Trovejavam veios luminosos lá fora, entre os estilhaços de vidro que protegiam a habitação do mau tempo…As gotas farejavam as frechas por onde se infiltrariam, para num colapso só, alagarem os alicerces simentados por tempos anedónicos. As telhas teclavam os dentes, numa sinfonia atónica, sem eira nem beiral por onde arrastar a água pendente da chuva.
Os móveis dançavam ao som de um boogie-woogie desconcertado, conduzido pelo ritmo ciclónico, que se confinavam à exiguidade do universo, preso ali mesmo no jardim maltratado.
Enquanto as cortinas se bamboleavam nos reflexos cinza da chuva que passava, rangiam as portas em cópulas apressadas pelo frio que vinha do final do corredor, onde a janela permanecia aberta..aberta..
Na cozinha, a mesa tinha restos de víveres ensopados pelas sombras cinzas emanadas pelas nuvens cabisbaixas, que tentavam entrar pelos vidros opacos.

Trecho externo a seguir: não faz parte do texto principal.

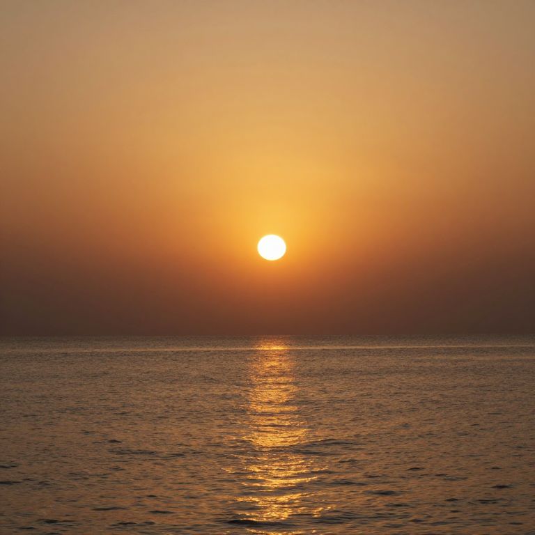 Photograph of a serene sunset over a calm ocean, with the sun glowing brightly orange, casting a golden reflection on the water.
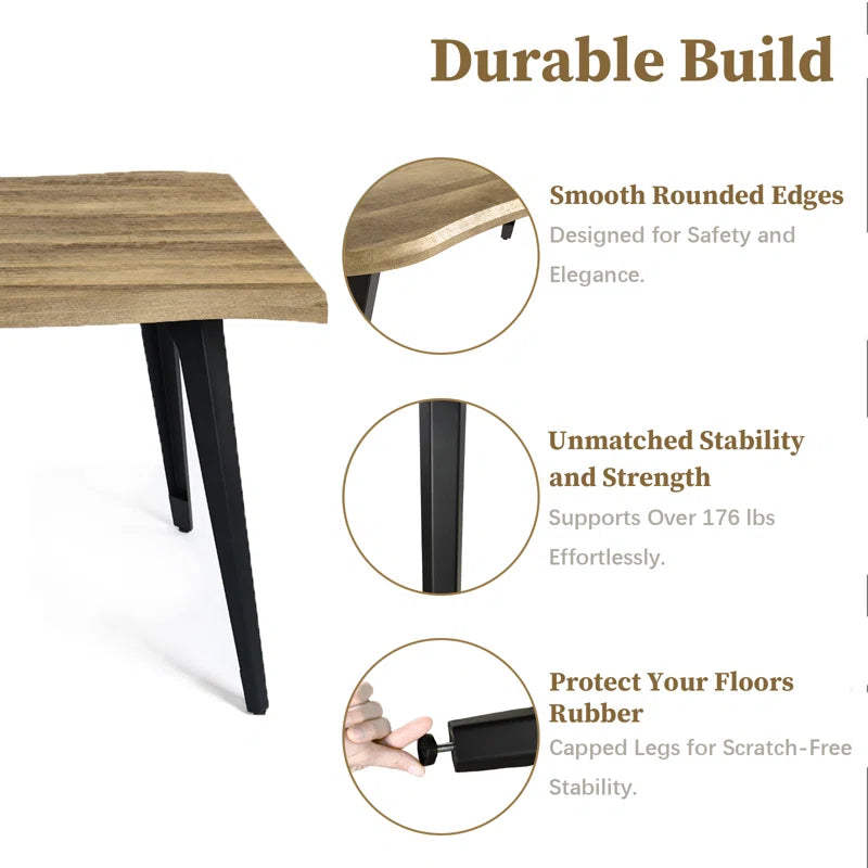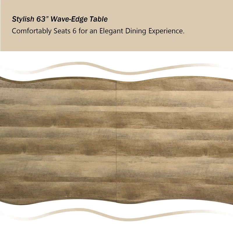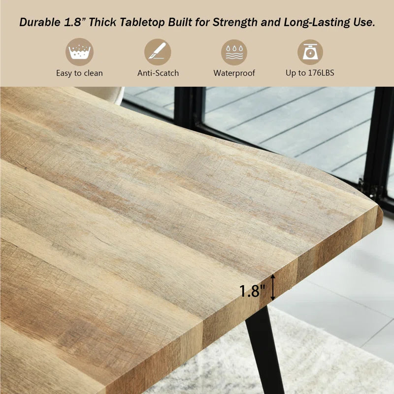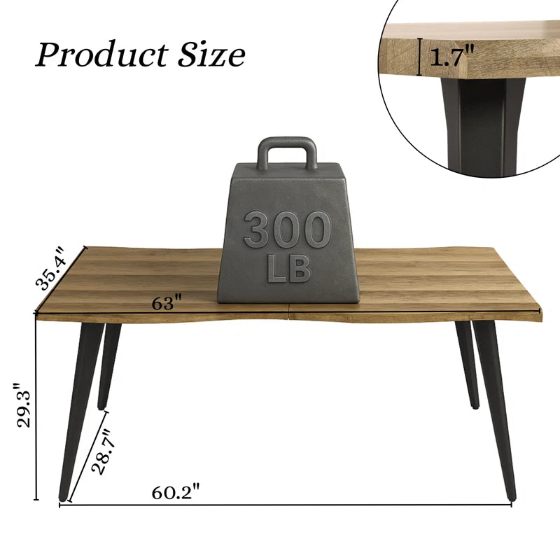 Shivani 63" Rectangle Live Edge Dining Table for 6 with Metal Base for Dining Room, Kitchen, Restaurant
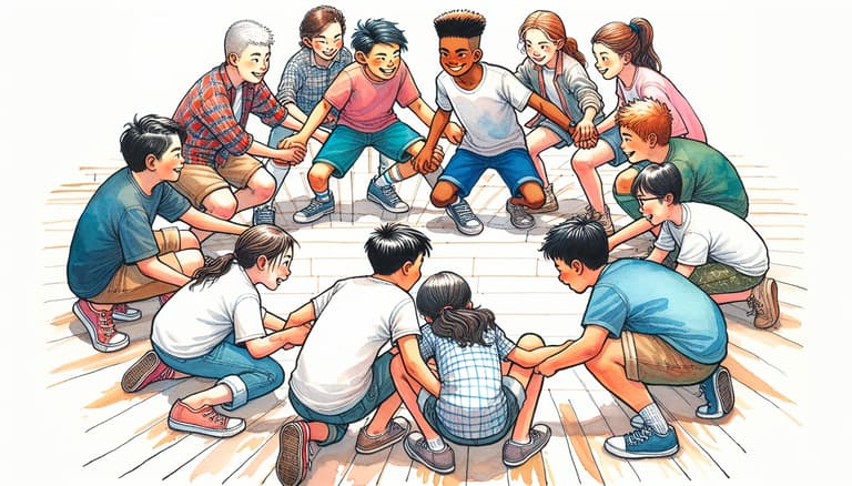 The Gladiators icebreaker game is a fun and engaging activity that is great for medium to large groups of kids and teens. Its main purpose is to help remove awkwardness between players and increase interactivity, making it an ideal choice for parties or gatherings. The game involves pairing up players and challenging them to touch their partner’s knee whenever it is not being protected by their hand. Each round lasts for 20-30 seconds, and the player with the most scores at the end wins. No special materials are needed to play, making it a convenient and accessible game for any occasion. By encouraging players to engage with each other in a lively and active way, The Gladiators icebreaker is sure to make any party more fun and memorable.
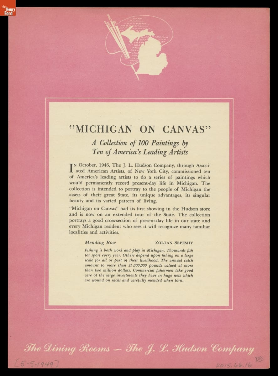 In 1946, the J.L. Hudson Company, a Detroit department store, commissioned ten American artists to create works that portrayed the people and places of Michigan. A committee selected 95 paintings that toured the state in the exhibition "Michigan on Canvas." J.L. Hudson also reproduced selected works for the covers of menus used in its Detroit flagship store's dining rooms.
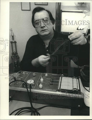 1988 Press Photo W. Malcolm Plummer at Office with Lie Detector Machine
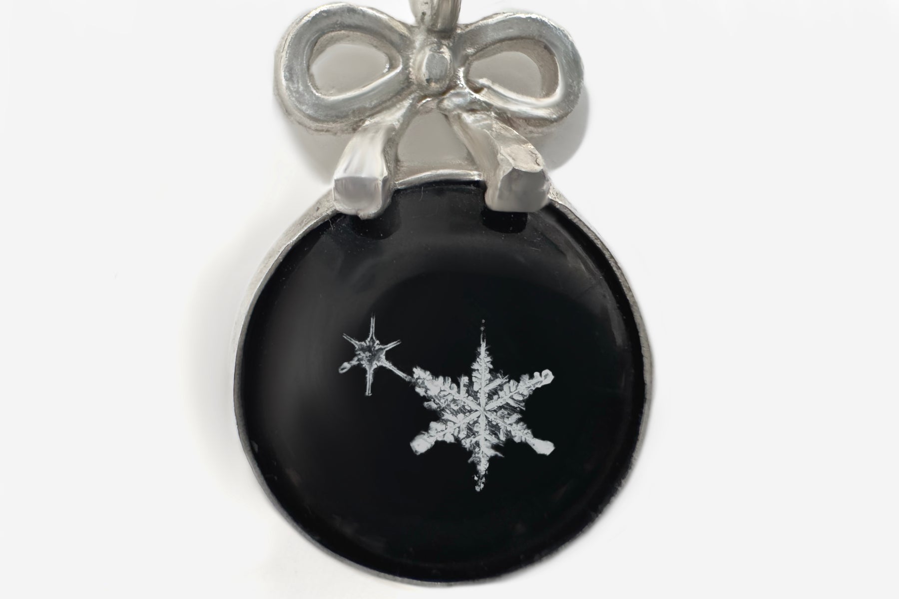 Delicate 5.0 mm snowflake with 2.9 mm baby, harvested in January 2024 in Yellowknife, Northwest Territories.
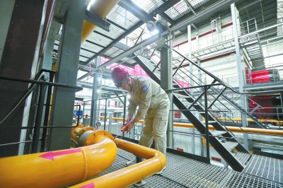 昨天上午,在北京熱力集團豐臺分公司馬家堡供熱服務(wù)中心西馬服務(wù)站鍋爐車間內(nèi),鍋爐廠家正在對5臺供熱鍋爐進行正式供熱前的系統(tǒng)確認。本報記者 甘南攝
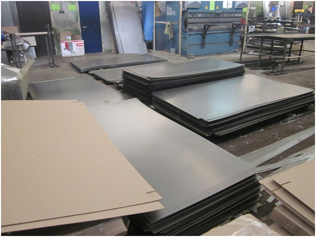 Раскрой и заготовка листа. Металлический прокат делится на необходимые по размеру полотна с помощью специальных гильотинных ножниц, гарантирующих высокую точность и чистоту среза. На готовом листе с помощью пресса проделываются отверстия под всю фурнитуру и запорные системы.
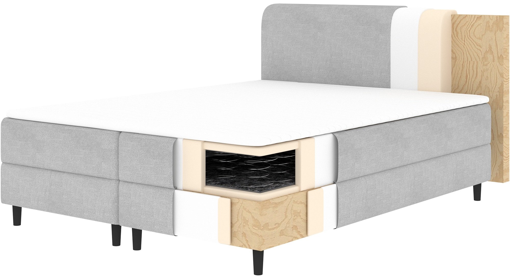 Osnova kreveta izrađena je od kvalitetnog drva, što osigurava čvrstoću i dug vijek trajanja konstrukcije. Tapecirani okvir presvučen je tkaninom Modullo 35, koja je ugodna na dodir i jednostavna za održavanje. Unutrašnjost ležišta sadrži kombinaciju bonell opruga i pjene T2540, što stvara optimalnu potporu i elastičnost. Uzglavlje je dodatno obloženo pjenom T2130, što doprinosi mekšem naslonu i većoj udobnosti.
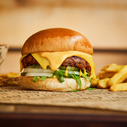 Hamburguesa Beyond Meat con queso cheddar vegano Violife, mayonesa de chipotle, mostaza, cebolla, pepinillos y lechuga fresca. Servida con papas fritas caseras con sal y romero o ensalada verde aliñada
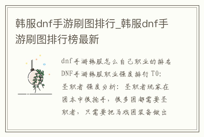 韓服dnf手游刷圖排行_韓服dnf手游刷圖排行榜最新
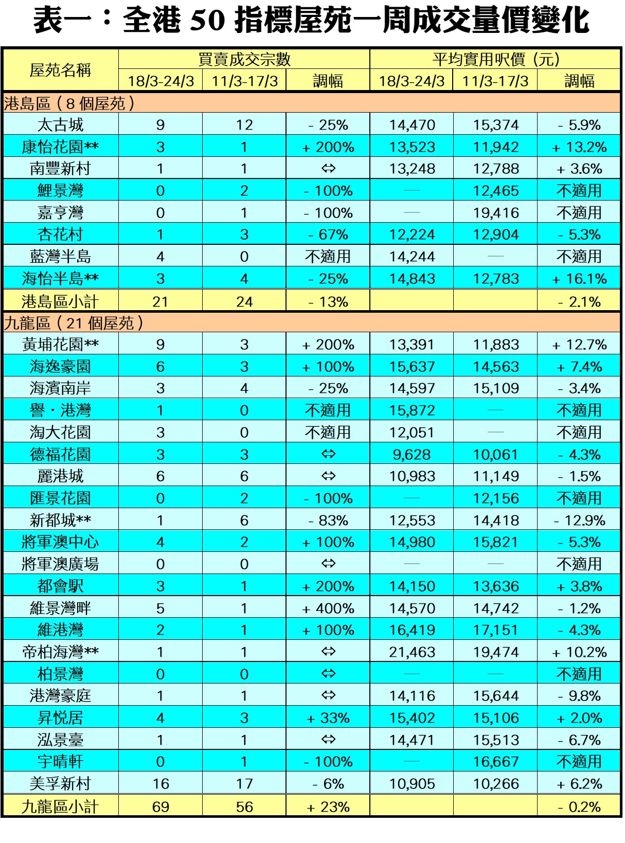 至於,九龍區21個指標屋苑上周共錄69宗交投,較前周的56宗增加23%,當中維景灣畔成交量由前周的1宗,大增4倍至上周的5宗;黃埔花園及都會駅各錄9宗及3宗買賣,按周分別增加2倍;海逸豪園、將軍澳中心及維港灣交投量分別按周增加1倍,各自錄得6宗、4宗及2宗成交。此外,在全港50個指標屋苑之中,上周共有9個屋苑錄得「零成交」,較前周的6個增加50%,當中九龍區及新界區分別佔4個及3個屋苑,港島區則佔2個(詳見表一)。

As facas ganhavam vida própria e cortavam estes pedaços de céu, para um banquete tardio que se havia de fazer, sempre que pingassem rios nilos nos confins daquele lar.
Subindo as escadas, encontravam-se os quartos com camas de odores a terra molhada, a amores devassos que se propagavam na enxurrada que os havia de levar até à cómoda, onde poderiam pentear os seus cabelos de cobre reluzente..
Finalmente, no sótão, reduto final da intempérie constante, podiam avistar-se os raios quentes de um sol que despontava a partir de quimeras isoladas, e que desatava todos os sonhos escritos naquelas sombras vagabundas…as sombras de uma casa.